Ulster County Exec comments on planned DEP releases

The Office of the Ulster County Executive issued the following press release regarding NYC DEP’s plan to initiate three weeks of releases into Esopus Creek:


Kingston, NY – According to Mark Klotz, New York State Department of Environmental Conservation’s (NYS DEC) Director of the Division of Water, the New York City Department of Environmental Protection (NYC DEP) plans to install a new siphon at the Gilboa Dam that will replace those used during the reconstruction work on the dam that were damaged during Hurricane Irene, and dismantled. To lower the Schoharie Reservoir, NYC DEP intends to transfer water from the Schoharie Reservoir, through the Shandaken Tunnel to the Upper Esopus Creek and eventually into the Ashokan Reservoir. It is anticipated that the work will take three weeks.

Because of the expected turbidity of the water that will be transferred from the Schoharie Reservoir into the Upper Esopus Creek, NYC DEP requested that NYS DEC issue it a waiver from the water quality standards it must maintain in at the portal or entrance to the Upper Esopus Creek. It is anticipated by the NYS DEC that NYC DEP will release the maximum amount possible, which is approximately 550-600MGD, through the portal and into the Upper Esopus.

The Ashokan Reservoir is approximately 83% full, with the west basin at capacity and spilling into the east basin. Since this proposed work to the Gilboa Dam will result in a large volume of water entering the Ashokan Reservoir, the NYC DEP is also planning on releasing water from the west basin of the Ashokan Reservoir into the Lower Esopus Creek. Such an operational release is also expected to be at the maximum level of 600 mgd.

County Executive Hein stated, “This is yet another example of NYC DEP’s mismanagement outside of Ulster County negatively impacting the people of Ulster County. Over the course of the last year, Ulster County rebuilt 100% of our infrastructure damaged during Hurricane Irene. We accomplished this ahead of schedule and under budget. Yet NYC DEP, only now with the Schoharie Reservoir spilling, seeks to install a siphon capable of lowering the reservoir.
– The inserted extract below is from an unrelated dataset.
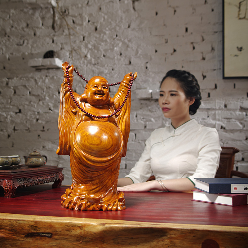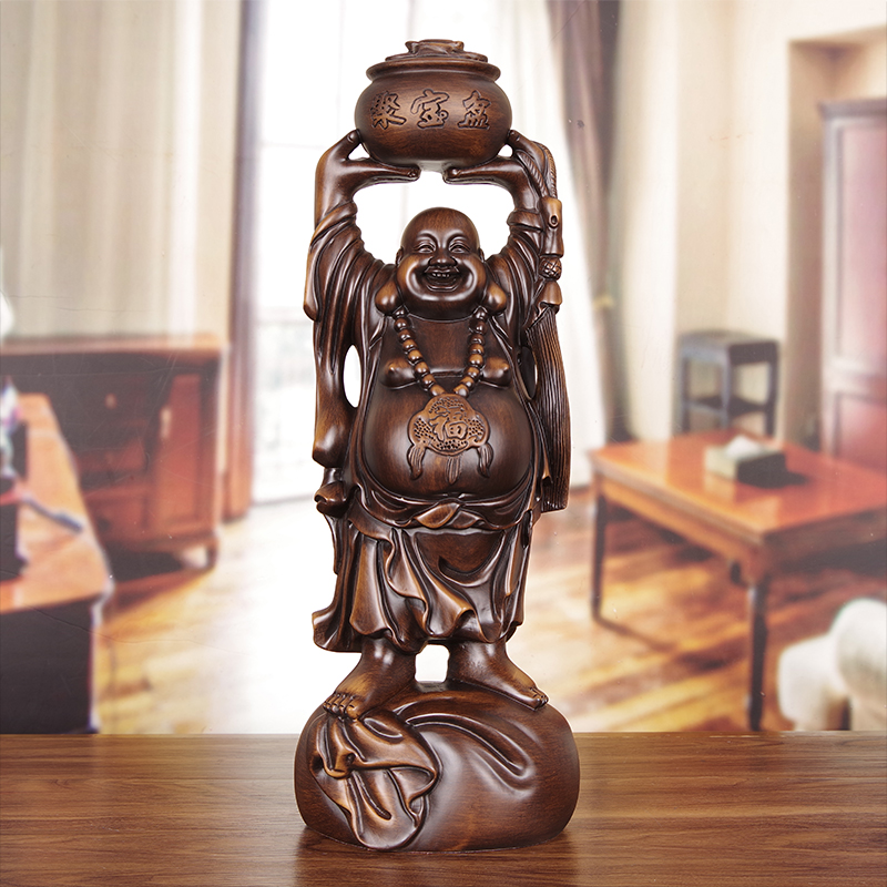 木雕弥勒佛摆件家居玄关装饰客厅乔迁新居大号笑佛大肚佛开业礼品

Had the NYC DEP planned ahead and done this during the summer months, this would not be necessary now.

NYC DEP’s plan of action is purely operational, meaning that it is going to be accomplished for DEP’s benefit only, not the health or safety of the Lower Esopus or the people Ulster County. Better planning, which considered the needs of Ulster County’s residents and businesses along the Esopus Creek would have reduced the need for these releases. I implore the NYS DEC to hold the NYC DEP accountable for its ongoing disgraceful, environmentally-damaging behavior.”